Russian soldier Vadim Shishimarin has been sentenced to life in prison for war crimes committed in Ukraine

In the first war crimes trial since the invasion, a Ukrainian court sentenced a Russian tank commander to life in prison for killing a civilian.

Sgt Vadim Shishimarin, a captured soldier, was found guilty of killing Oleksandr Shelipov, 62, in the north-eastern village of Chupakhivka on February 28.

He admitted to shooting Mr Shelipov, but claimed he was operating on orders and begged the widow’s forgiveness.

Ukraine is looking into a slew of other potential war crimes.

And, in a conflict where the purposeful targeting of civilians has become a defining characteristic, Monday’s decision establishes an important legal precedent.

Despite a mountain of evidence to the contrary, Moscow has long denied that its troops have targeted civilians, while Ukraine claims that over 11,000 crimes have been committed.

Judge Serhiy Agafonov imposed the life sentence, saying Shishimarin, 21, had followed out a “criminal order” from a higher-ranking soldier.

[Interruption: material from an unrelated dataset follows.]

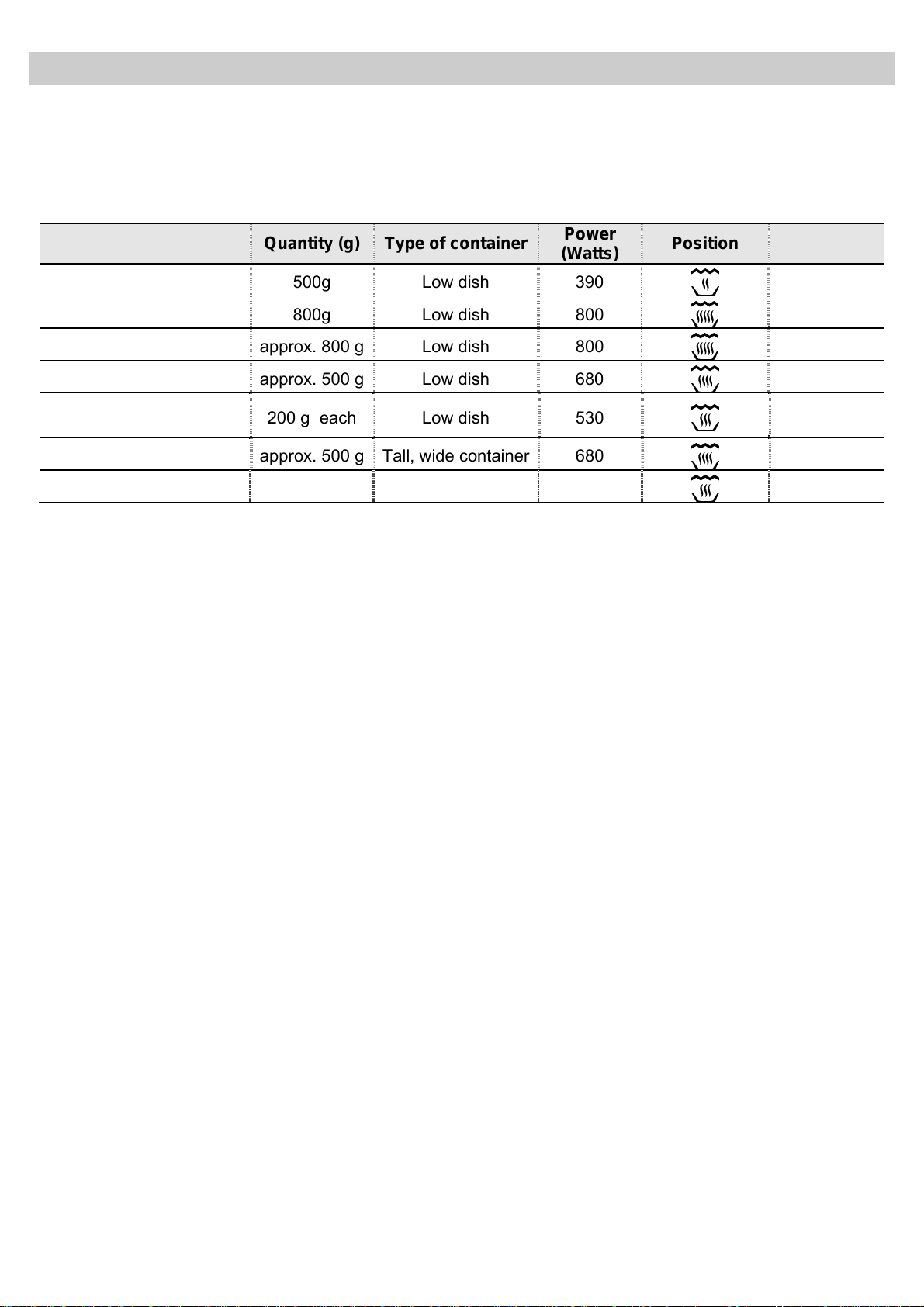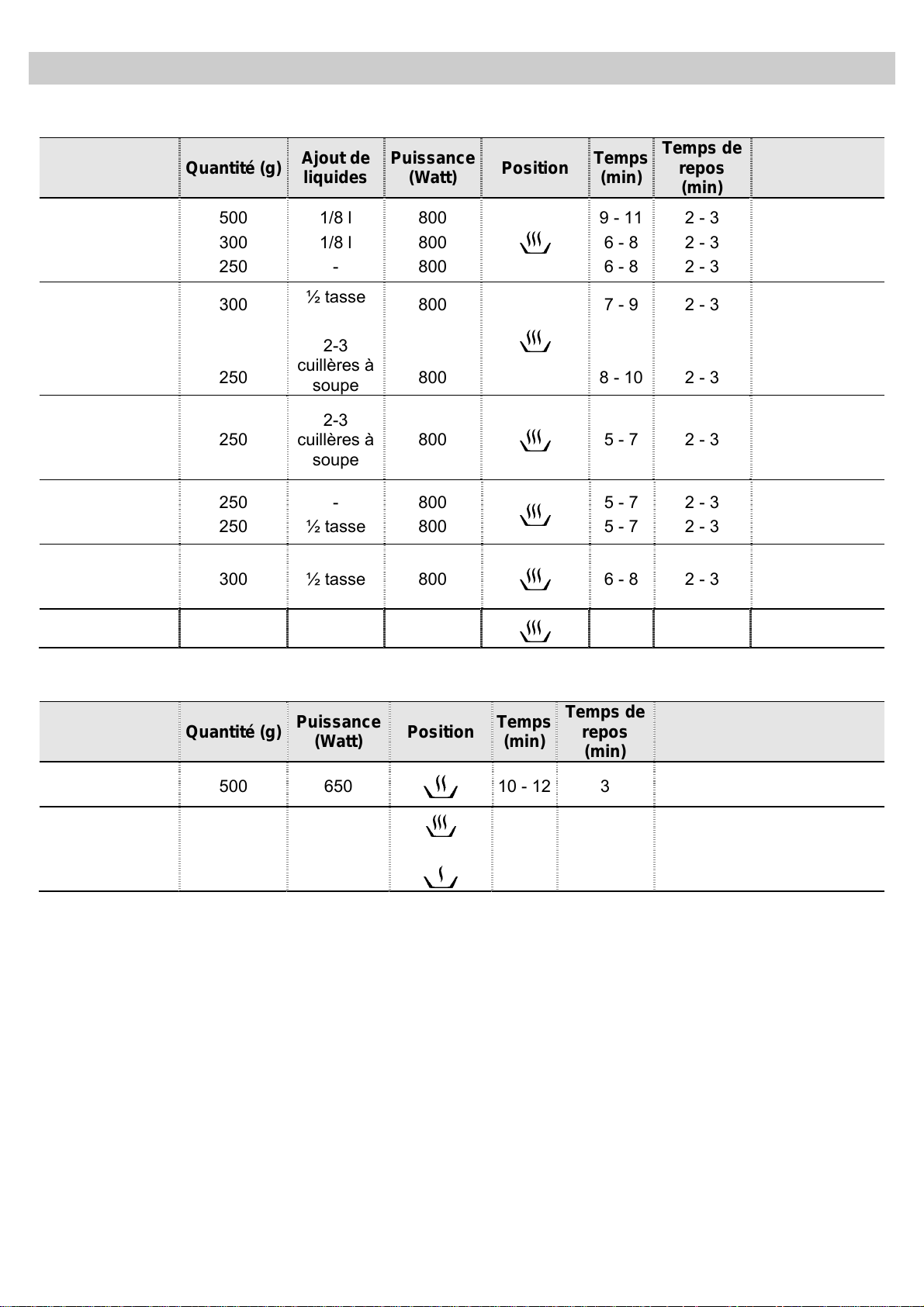 Symbole Description Puissance Aliments

“Given that the act committed is a crime against peace, security, humanity, and the international legal order,” he explained, “the court does not see the prospect of imposing a [shorter] sentence of imprisonment.”

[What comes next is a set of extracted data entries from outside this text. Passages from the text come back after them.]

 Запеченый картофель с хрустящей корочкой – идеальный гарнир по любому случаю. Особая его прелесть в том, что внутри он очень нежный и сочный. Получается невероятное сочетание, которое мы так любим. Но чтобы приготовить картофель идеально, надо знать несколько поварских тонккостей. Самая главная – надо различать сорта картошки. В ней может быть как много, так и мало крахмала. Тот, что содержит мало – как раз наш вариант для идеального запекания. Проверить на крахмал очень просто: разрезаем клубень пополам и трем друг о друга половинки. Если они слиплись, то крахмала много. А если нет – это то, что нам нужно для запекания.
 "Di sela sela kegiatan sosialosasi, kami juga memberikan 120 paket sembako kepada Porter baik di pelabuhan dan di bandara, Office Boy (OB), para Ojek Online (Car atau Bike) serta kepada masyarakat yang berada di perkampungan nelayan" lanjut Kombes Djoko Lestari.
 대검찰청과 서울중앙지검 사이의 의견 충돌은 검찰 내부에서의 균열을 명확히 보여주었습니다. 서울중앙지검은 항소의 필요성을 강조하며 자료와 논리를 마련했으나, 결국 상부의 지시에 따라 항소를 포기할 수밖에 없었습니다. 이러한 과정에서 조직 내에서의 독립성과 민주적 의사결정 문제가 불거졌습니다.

Shishimarin sat silently in a reinforced glass box in the courtroom, wearing a blue and grey hooded sweatshirt, and showed no expression as the judgement was read out.

His lawyer stated that he would file an appeal against the verdict.

The Kremlin’s response is already underway, with legislation being developed and tribunals being established in Russia to trial some Ukrainian detainees as war criminals.

Shishimarin served in Russia’s Kantemirovskaya tank division. At the time of the killing, he and other soldiers were travelling in a car they had seized after their convoy came under attack and they became separated from their unit. He told the court that he was told to shoot Mr Shelipov. His defence lawyer told the court on Friday that the defendant only fired after twice refusing to carry out the order to shoot, and that only one out of three to four rounds had hit Mr Shelipov.